1. Return to the Jupyter file browser tab. Launch the SageMaker terminal. 

	Create Lambda deployment package on the notebook instance by running the following commands in SageMaker's terminal.

	```
	cd ~/SageMaker/ServerlessAI-Workshop/Lab\ 2\ -\ SageMaker\ Batch\ Transform/LambdaPackage/
	pip install --ignore-installed --target=. sagemaker
	find . -name "*.so" | xargs strip
	7z a -mm=Deflate -mfb=258 -mpass=15 -r ../ServerlessAI_BatchTransform.zip *	
	```

1. Upload the deployment package to your S3 bucket by running the following command:

	```
	aws s3api put-object --bucket <your-bucket-name> --key ServerlessAIWorkshop/BatchTransform/ServerlessAI_BatchTransform.zip --body ../ServerlessAI_BatchTransform.zip --region us-west-2
	```
	*Tip: Use control-a to quickly move your cursor to the beginning of the line.*

1. Create a Lambda function using the deployment package stored in your S3 bucket. You can reuse the role you created in Lab 1: Lambda_ServerlessWorkshop_Role.
 
	```
	aws lambda create-function --role <arn from IAM Console> --code S3Bucket=<your-bucket-name>,S3Key="ServerlessAIWorkshop/BatchTransform/ServerlessAI_BatchTransform.zip"  --function-name ServerlessAI_BatchTransform --runtime python3.6 --handler lambda_function.lambda_handler --memory-size 128 --timeout 900 
	```

	If you need to update the code, use the following command:
	
	```
	aws lambda update-function-code --role <arn from IAM Console> --code S3Bucket=<your-bucket-name>,S3Key="ServerlessAIWorkshop/BatchTransform/ServerlessAI_BatchTransform.zip" --function-name ServerlessAI_BatchTransform --runtime python3.6 --handler lambda_function.lambda_handler --memory-size 128 --timeout 900
	```

	Close the terminal window.


1. Naviage to the Lambda console. Click on your new batch transform lambda function:  ServerlessAI_BatchTransform. Click on Test. 
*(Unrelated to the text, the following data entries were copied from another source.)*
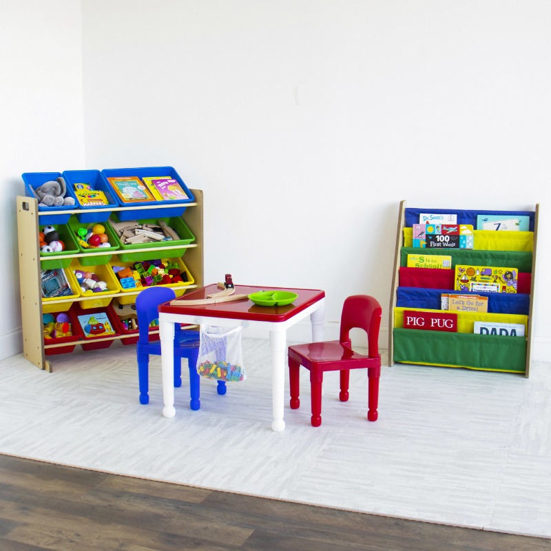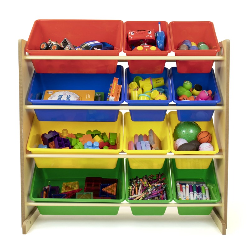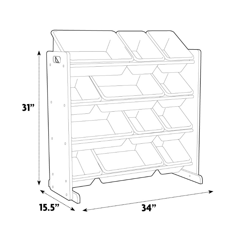 Playtime becomes more fun when your kids can easily take out their toys, books and games and then quickly clean up afterwards. The space saving Humble Crew Toy Storage Organizer with 12 Storage Bins stows your children's toys in easy access BPA and phthalate free plastic storage bins. 8 standard and 4 large colorful storage containers are easy to remove, replace and reposition along the 4 tiered organizer shelves. Storage bins are sized just right within the toy organizer for toddlers and preschool aged children. Sturdy engineered wood construction frame with stabilizing braces and steel shelving rods, 20 pound weight capacity per level. Some assembly is required. A great toy storage box alternative; helping keep your little one's room clean and organized while at the same time teaching color identification, sorting and cognitive skills. Perfect organizational solution for bedrooms, playrooms and bathrooms. Product sizing 34"W x 11"D (15.5"D with stabilizing braces) x 31"H Standard bin sizing: 11.75"L x 8.25"W x 5.25"H Large bin sizing: 16"L x 11.75"W x 5.25"H Additional plastic storage toy bins are also sold separately.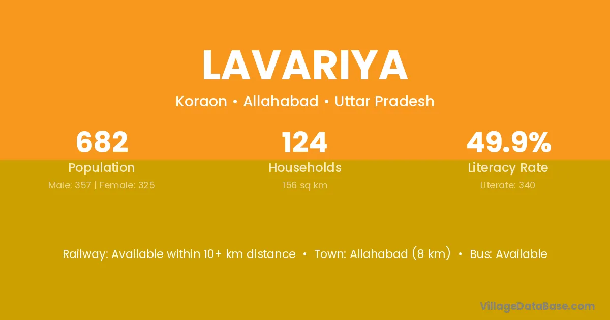 The literacy rate of Lavariya village is 46.74%. Male literacy stands at 58.65% and female literacy at 34.46%.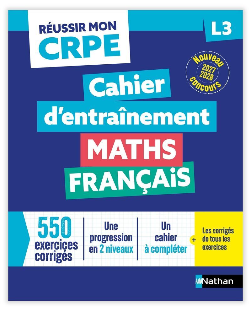 Découvrez le nouveau cahier d'entrainement L3 Maths/Français pour préparer les épreuves Oral et Écrit du Concours de Professeur des Écoles (CRPE) 2027-2028. Conforme programme 2025. Descriptif - Un cahier d'exercices à compléter pour s'entrainer efficacement, aussi bien pour l'écrit que pour l'oral. - Un parcours complet en Maths et en Français pour bien réviser tout au long de l'année.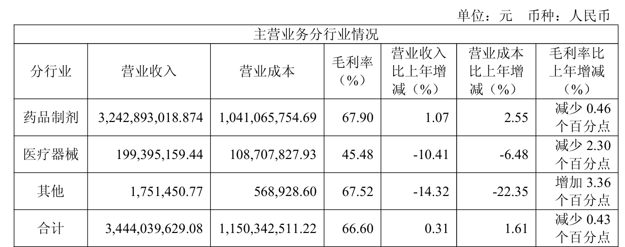更令市场担忧的是第二大业务医疗器械板块,营收同比“跳水”10.41%,毛利率更是锐减2.30个百分点。作为营收贡献仅次于药品制剂的业务板块,如此大幅度的业绩滑坡无疑给公司整体盈利蒙上了阴影。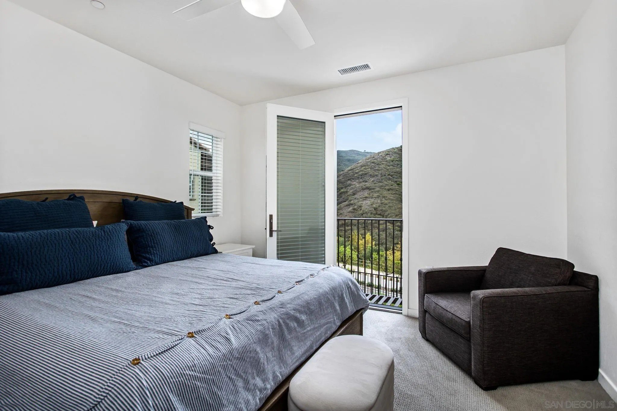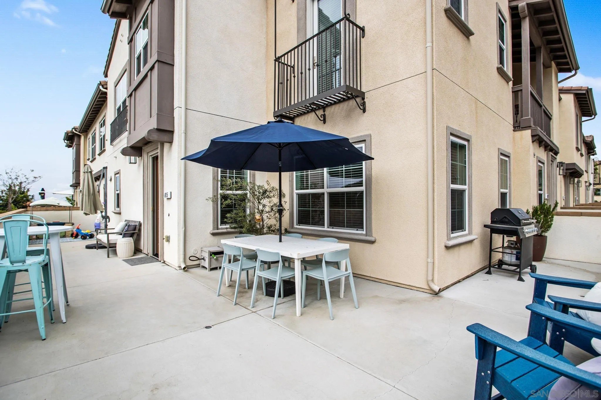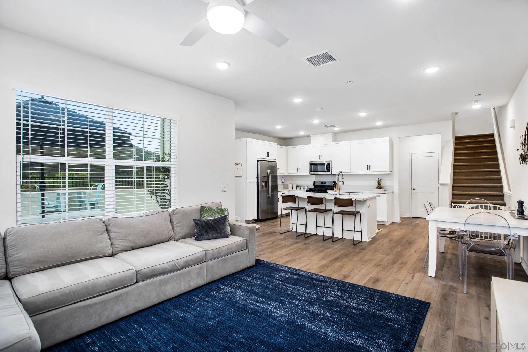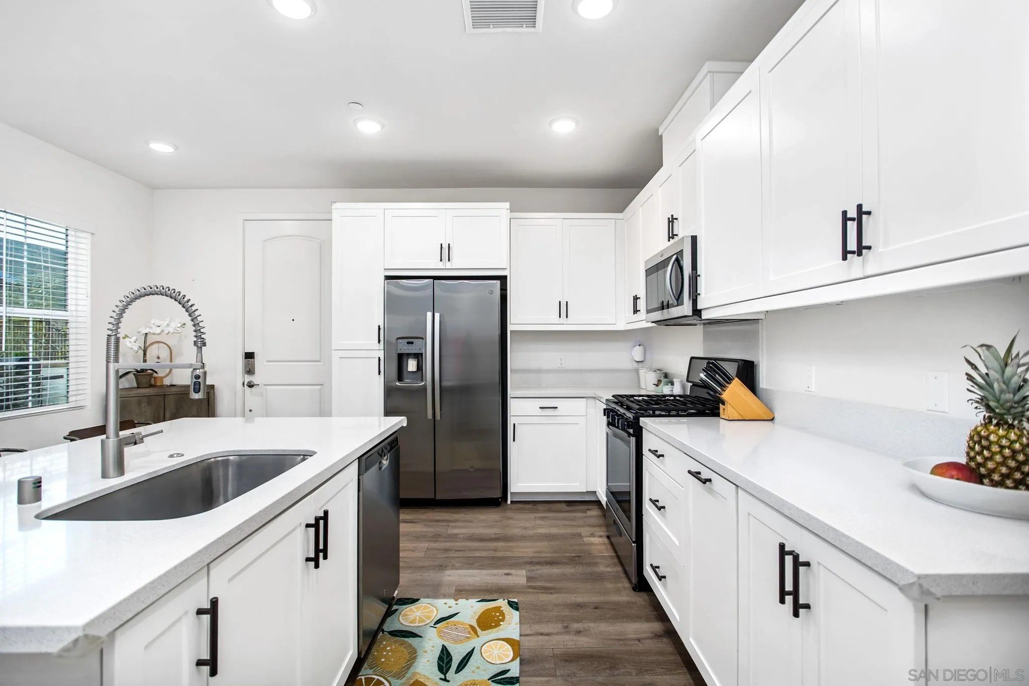 Welcome to Rancho Tesoro! This beautiful corner-unit townhome, built in 2021, is filled with natural light and modern charm. The open floor plan highlights a stylish kitchen with crisp white cabinetry, stainless steel appliances, and a center island with breakfast bar seating that flows into the living room. Upstairs, the spacious primary suite offers a walk-in closet, spa-like en-suite bath, and a Juliette balcony that welcomes in fresh breezes while framing hillside views. Additional features include energy-efficient solar, a private patio with mountain views, and an attached two-car garage. Nestled within the gated communities of Latitude and Skyhaus, residents enjoy resort-style amenities including a sparkling pool, playground, and scenic trails, with a nearby reservoir for fishing and nature walks. Served by highly rated Double Peak K-8 and Mission Hills High School, this home is the perfect blend of comfort, community, and convenience.

	You'll need the model name you saved in an earlier step. Your model name looks like ```kmeans-2018-10-10-22-45-30-733```. If you didn't save your model name you can obtain it from the SageMaker console. Click on Models. It's the top, the most recent model. Create a test event with the following JSON. 

	```
	{
	  "bucket": "<your-bucket-name>",
	  "model": "<your-model-name>" 
	}
	```

	Click on Test and view the results. It takes 3-4 minutes to run. The tradeoff for the flexibility of batch transform is latency. Whereas our lambda functions calling Scikit-learn run in milliseconds batch transform requires provisioning a compute instance, loading the Docker container we created in the notebook, loading up the inference data, and calling the model. 

## Congratulations!

You've successfully created a batch transform job from a Lambda function. This particular job predicted the handwritten digit of 10,000 images. The scripts are generic enough for you to use as a template for your own predictions. 

## Cleanup
After you have completed the workshop you can delete all of the resources that were created in the following order.
1. Stop the Sagemaker notebook instance.
1. Delete the Sagemaker notebook instance.
1. Delete the S3 Buckets you created.